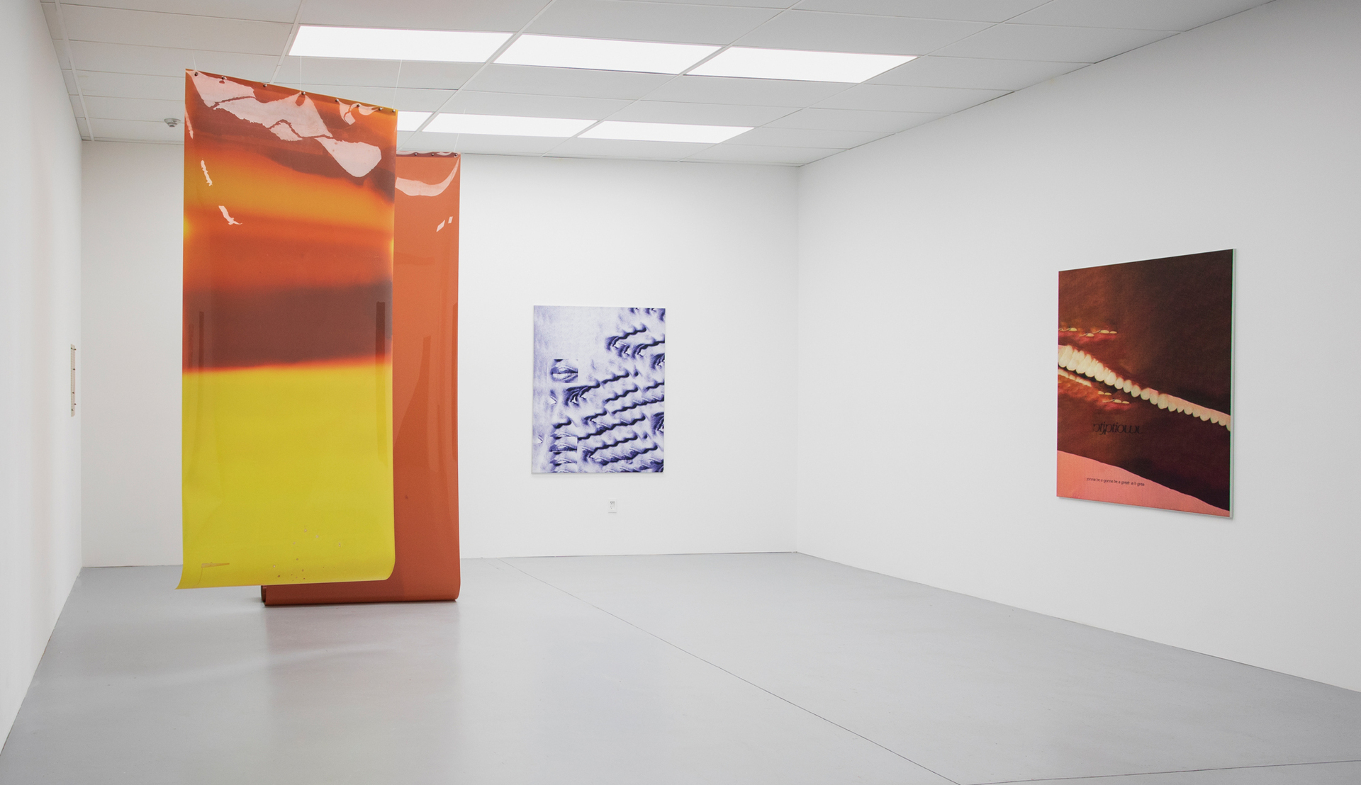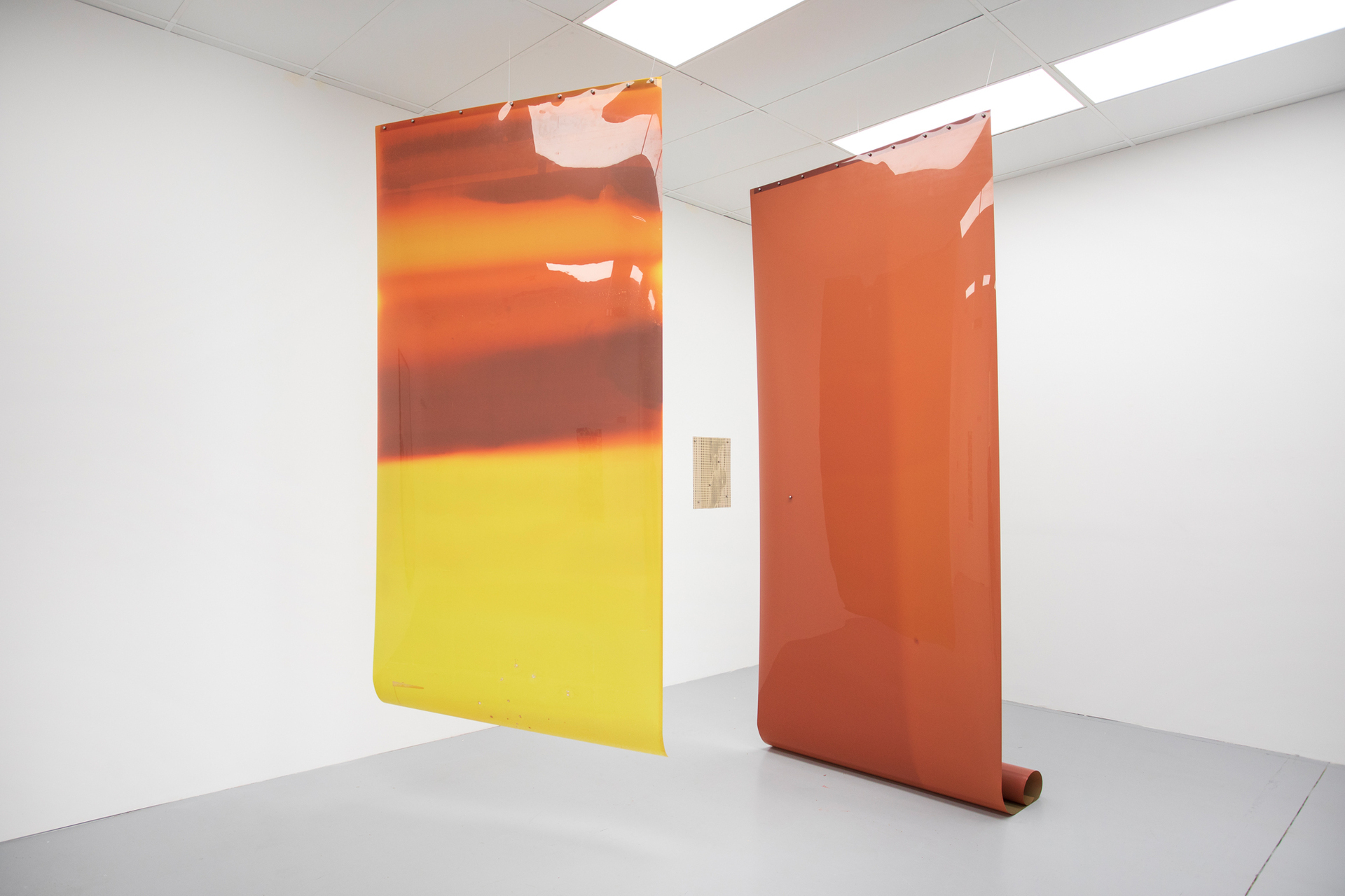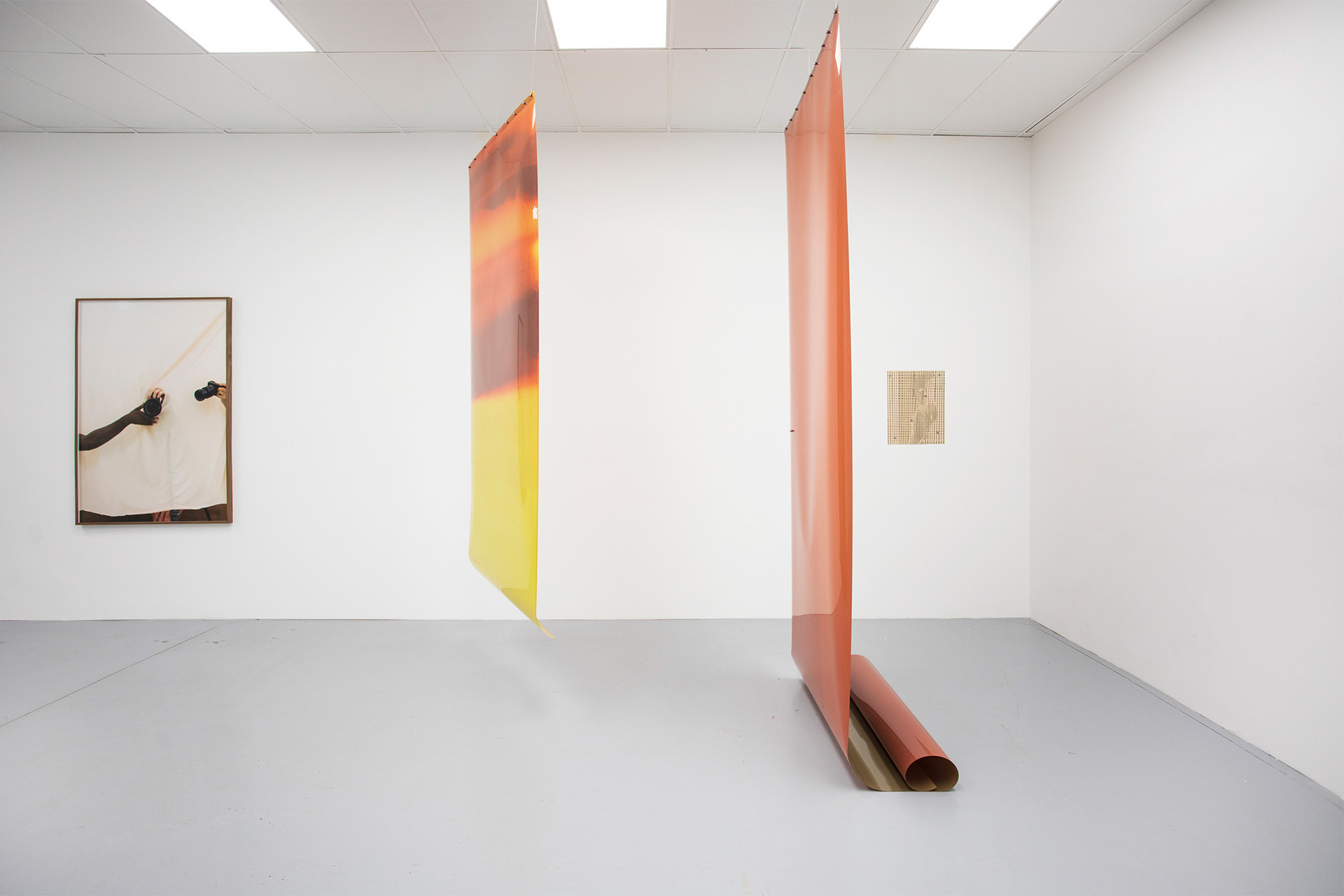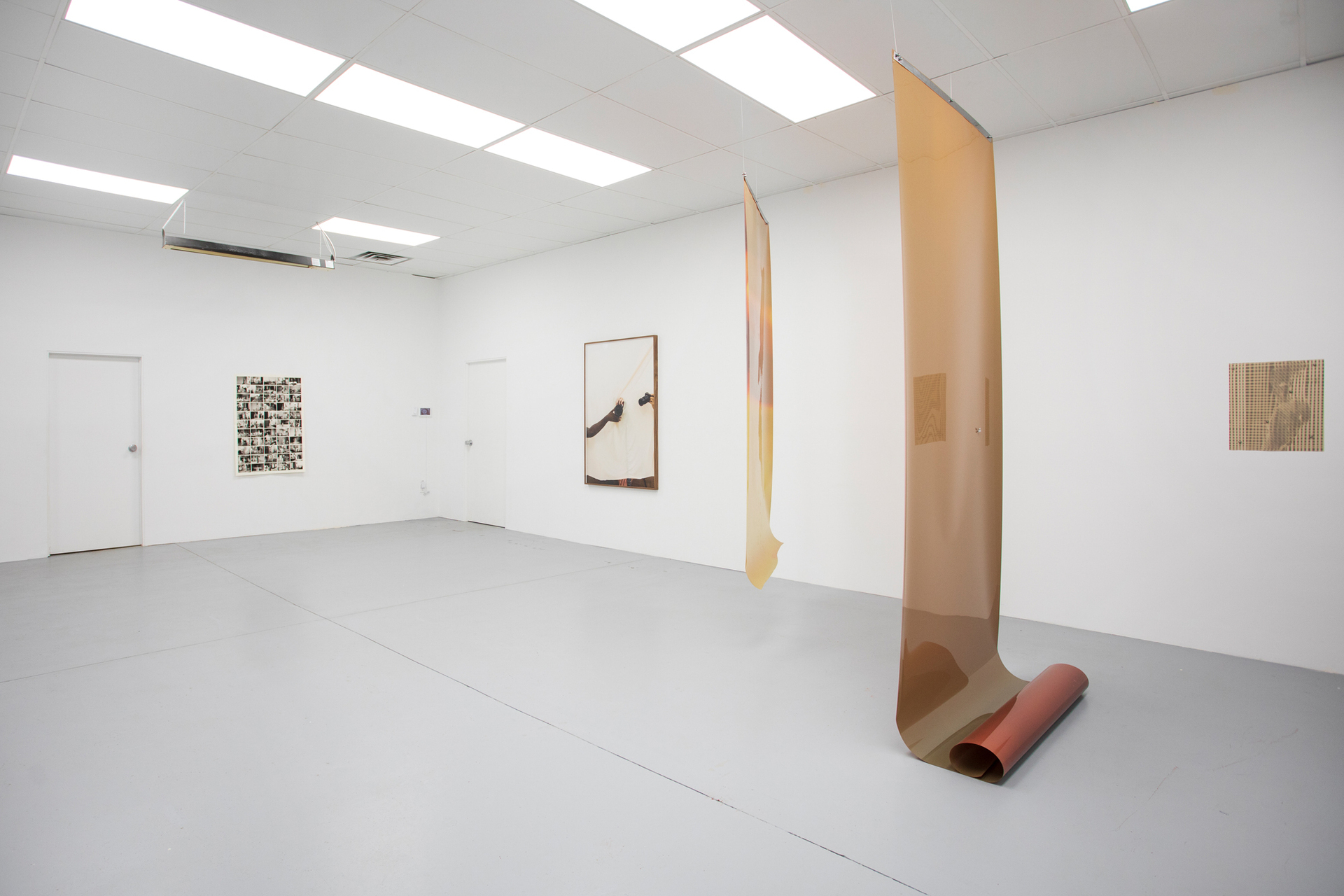 New works by Timothy Yanick Hunter consider both digital and physical interpolations around image making, using forms of looping, rhythm, and repetition. Embracing disorientation and opacity, he poses questions about the familiar, and challenges viewers to imagine futures beyond our context. In a related dialogue, Moyra Davey’s work attempts to bridge unseen gaps between culture and lived experiences. Her works often possess visible creases and tape marks, after physically sending them through mail systems. She is interested in witnessing the flow and chance related to letting something go, and observing the results. Laurie Kang shares Davey’s interest in precarity, as her practice engages directly in the ‘misuse’ of photographic materials. In her series Molt, she suspends large, unfixed film from the ceilings, allowing them to tan continually over time. The context in which the film is exposed will leave impressions on the sensitive surface of the materials, like a body, telling atmospheric stories about their context.
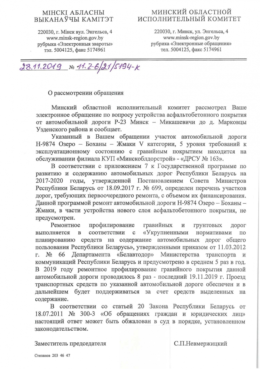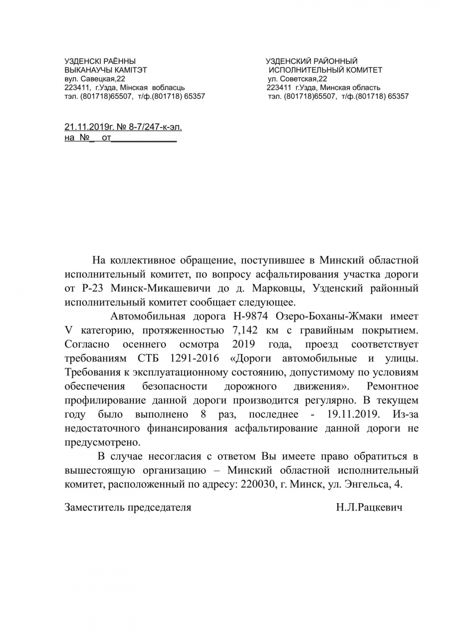 Таким образом, просим принять меры по асфальтированию дорожного покрытия на участке дороги от автотрассы P-23 Минск-Микашевичи до дер.Марковцы.
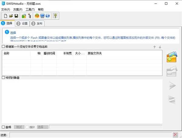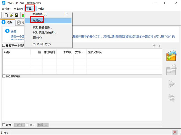 一、选择 选择一个或多个flash或图像文件以组成播放列表,播放列表中的每个文件你可以通过附属面板添加另外的外部文件(F9),每个文件的播放时间可以通过点击“工具”—“选项”进行编辑
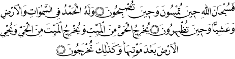 Akşama erdiğinizde ve sabaha kavuştuğunuzda Allah’ı tesbih edin. • Göklerde ve yerde olanların hamd ve senâsı Ona mahsustur. Gündüzün sonuna doğru ve öğle vaktine erişince de Allah’ı tesbih edip namaz kılın. • Ölüden diriyi, diriden ölüyü O çıkarır. Ölümünden sonra yeryüzünü O diriltir. Siz de kabirlerinizden böyle çıkarılacaksınız. (Rûm Sûresi: 17-19.)

ACTIVITY> Every line from the start of the material through the line holding "一、选择 选择一个或多个fl" must be returned exactly, and the pictures must not.

YOUR RESPONSE>
 New works by Timothy Yanick Hunter consider both digital and physical interpolations around image making, using forms of looping, rhythm, and repetition. Embracing disorientation and opacity, he poses questions about the familiar, and challenges viewers to imagine futures beyond our context. In a related dialogue, Moyra Davey’s work attempts to bridge unseen gaps between culture and lived experiences. Her works often possess visible creases and tape marks, after physically sending them through mail systems. She is interested in witnessing the flow and chance related to letting something go, and observing the results. Laurie Kang shares Davey’s interest in precarity, as her practice engages directly in the ‘misuse’ of photographic materials. In her series Molt, she suspends large, unfixed film from the ceilings, allowing them to tan continually over time. The context in which the film is exposed will leave impressions on the sensitive surface of the materials, like a body, telling atmospheric stories about their context.
 Таким образом, просим принять меры по асфальтированию дорожного покрытия на участке дороги от автотрассы P-23 Минск-Микашевичи до дер.Марковцы.
 一、选择 选择一个或多个flash或图像文件以组成播放列表,播放列表中的每个文件你可以通过附属面板添加另外的外部文件(F9),每个文件的播放时间可以通过点击“工具”—“选项”进行编辑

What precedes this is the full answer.